TASK REQUIREMENTS: Of the lines in the material below, print only those from the one containing "강 시장은 이날 ‘함께" to the one containing "Meble z kolekcji", ends included, exactly as written and without pictures.

EXERCISE MATERIAL:
============================================================

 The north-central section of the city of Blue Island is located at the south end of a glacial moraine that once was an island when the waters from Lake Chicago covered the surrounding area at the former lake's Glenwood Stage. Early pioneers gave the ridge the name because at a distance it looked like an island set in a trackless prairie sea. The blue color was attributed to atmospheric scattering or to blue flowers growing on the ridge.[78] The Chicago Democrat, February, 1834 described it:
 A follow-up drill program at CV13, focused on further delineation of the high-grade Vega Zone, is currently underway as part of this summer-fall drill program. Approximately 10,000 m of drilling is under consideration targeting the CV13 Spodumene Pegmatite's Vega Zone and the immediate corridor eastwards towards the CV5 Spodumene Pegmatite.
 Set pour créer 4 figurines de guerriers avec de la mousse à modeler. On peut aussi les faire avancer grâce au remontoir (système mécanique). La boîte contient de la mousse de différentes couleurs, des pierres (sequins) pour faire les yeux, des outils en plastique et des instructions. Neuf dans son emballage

============================================================

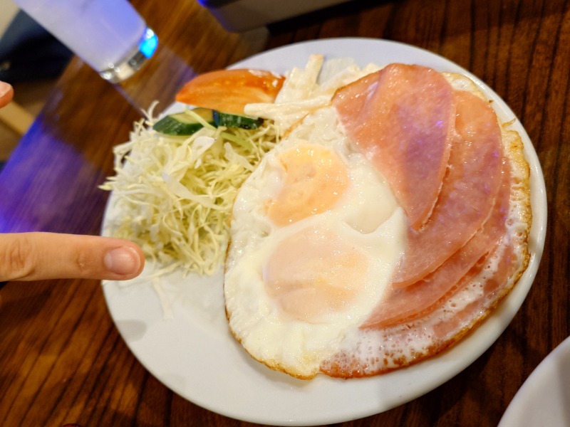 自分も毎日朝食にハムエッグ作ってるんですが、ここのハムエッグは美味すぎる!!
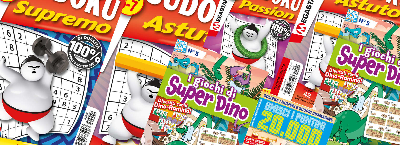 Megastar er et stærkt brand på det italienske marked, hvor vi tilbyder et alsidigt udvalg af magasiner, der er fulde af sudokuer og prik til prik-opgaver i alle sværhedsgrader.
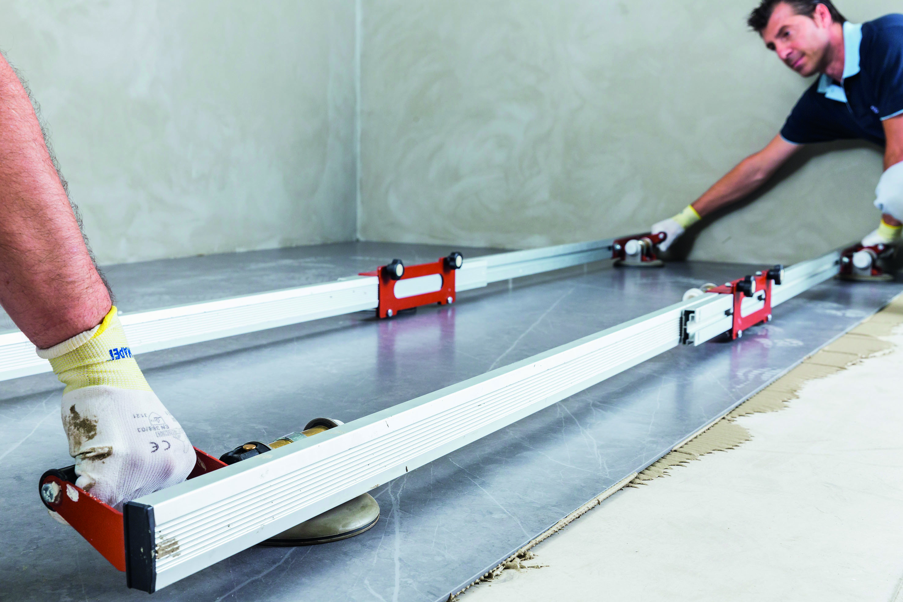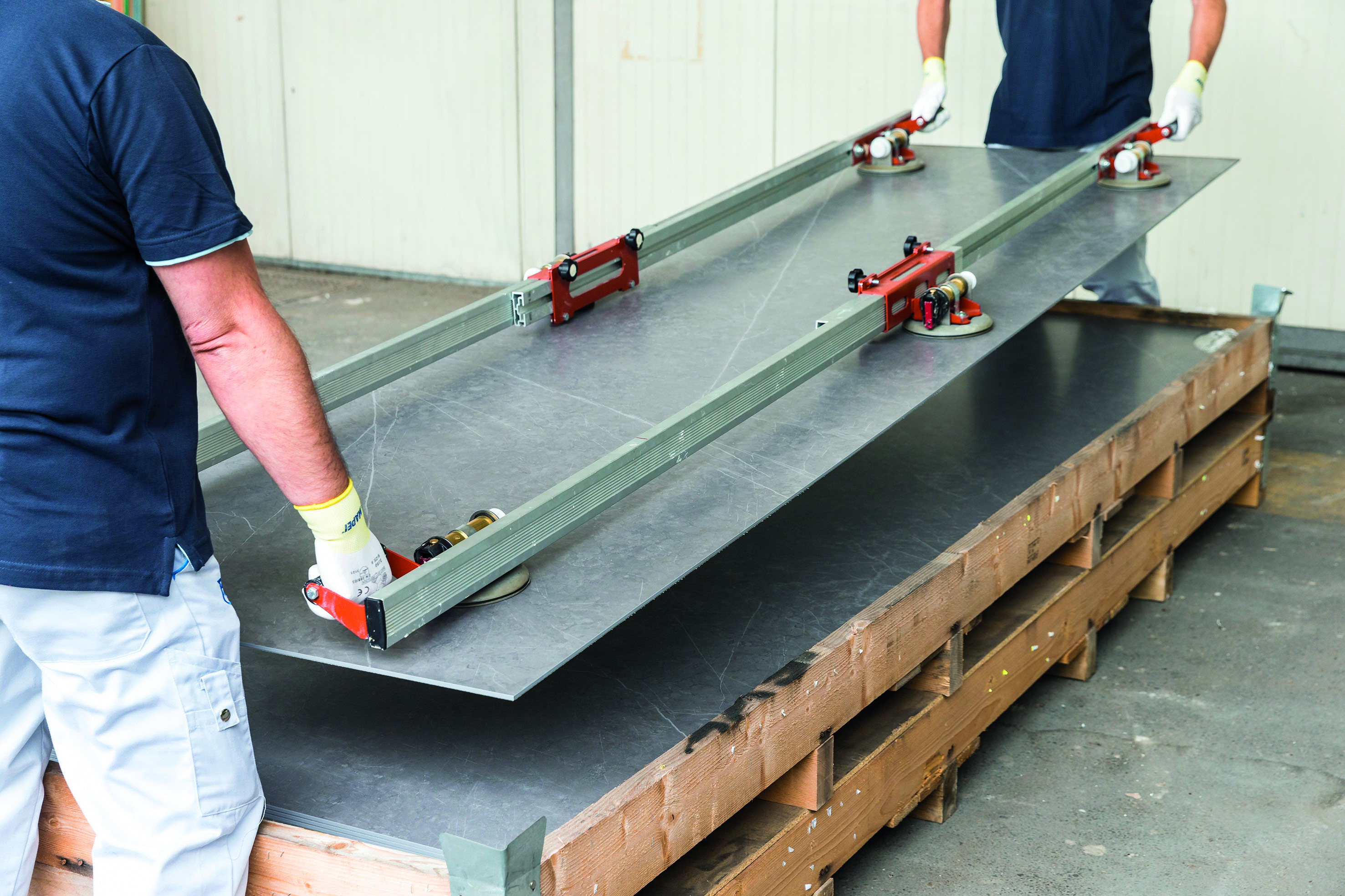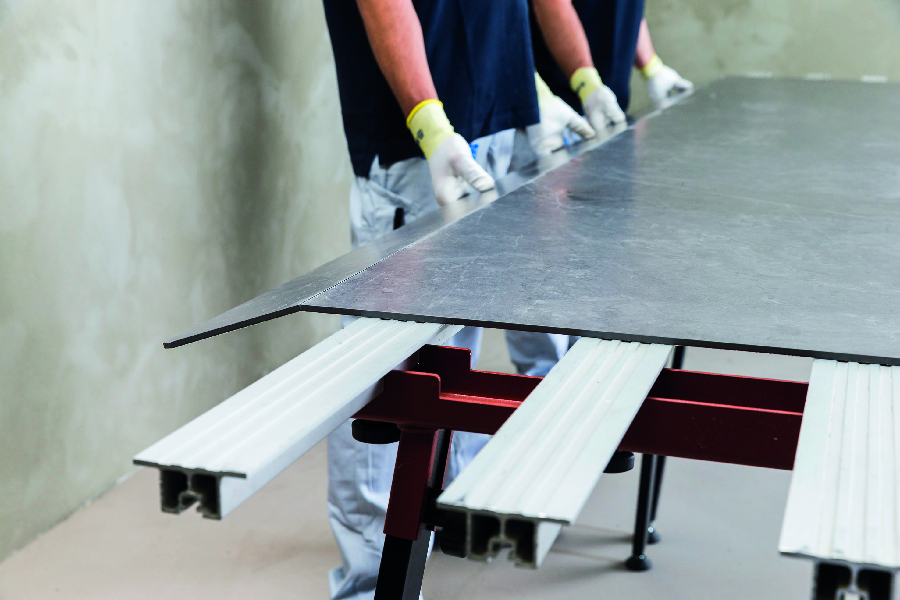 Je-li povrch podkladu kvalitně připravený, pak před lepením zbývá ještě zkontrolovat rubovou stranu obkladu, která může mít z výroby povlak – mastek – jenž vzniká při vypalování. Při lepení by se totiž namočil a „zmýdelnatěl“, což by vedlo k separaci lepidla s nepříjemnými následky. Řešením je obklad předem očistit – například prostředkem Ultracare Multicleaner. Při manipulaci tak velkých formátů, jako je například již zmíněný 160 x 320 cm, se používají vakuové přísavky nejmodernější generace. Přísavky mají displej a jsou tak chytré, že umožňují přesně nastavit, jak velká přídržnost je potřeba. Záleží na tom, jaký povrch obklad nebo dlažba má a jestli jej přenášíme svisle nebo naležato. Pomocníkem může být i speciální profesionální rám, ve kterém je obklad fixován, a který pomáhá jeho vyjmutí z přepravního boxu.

============================================================

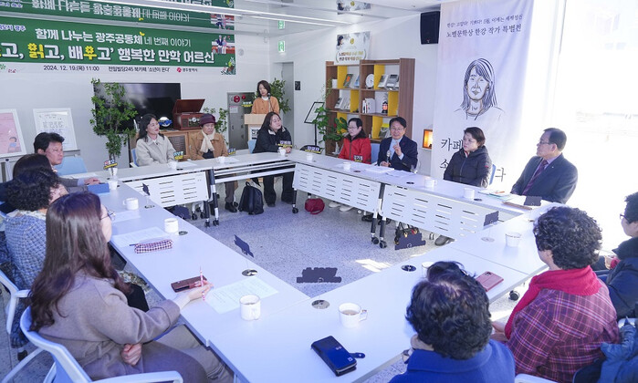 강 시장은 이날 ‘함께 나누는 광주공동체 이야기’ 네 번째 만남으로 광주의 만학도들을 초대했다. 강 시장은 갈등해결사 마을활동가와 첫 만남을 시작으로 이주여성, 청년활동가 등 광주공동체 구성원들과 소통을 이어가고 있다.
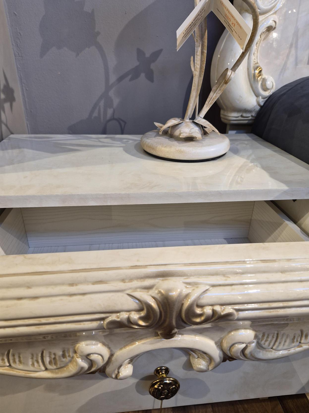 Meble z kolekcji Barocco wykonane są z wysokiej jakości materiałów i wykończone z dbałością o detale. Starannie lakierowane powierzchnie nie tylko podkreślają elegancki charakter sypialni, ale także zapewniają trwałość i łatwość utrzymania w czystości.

============================================================

RESULT OF THE EXERCISE:
 강 시장은 이날 ‘함께 나누는 광주공동체 이야기’ 네 번째 만남으로 광주의 만학도들을 초대했다. 강 시장은 갈등해결사 마을활동가와 첫 만남을 시작으로 이주여성, 청년활동가 등 광주공동체 구성원들과 소통을 이어가고 있다.
 Meble z kolekcji Barocco wykonane są z wysokiej jakości materiałów i wykończone z dbałością o detale. Starannie lakierowane powierzchnie nie tylko podkreślają elegancki charakter sypialni, ale także zapewniają trwałość i łatwość utrzymania w czystości.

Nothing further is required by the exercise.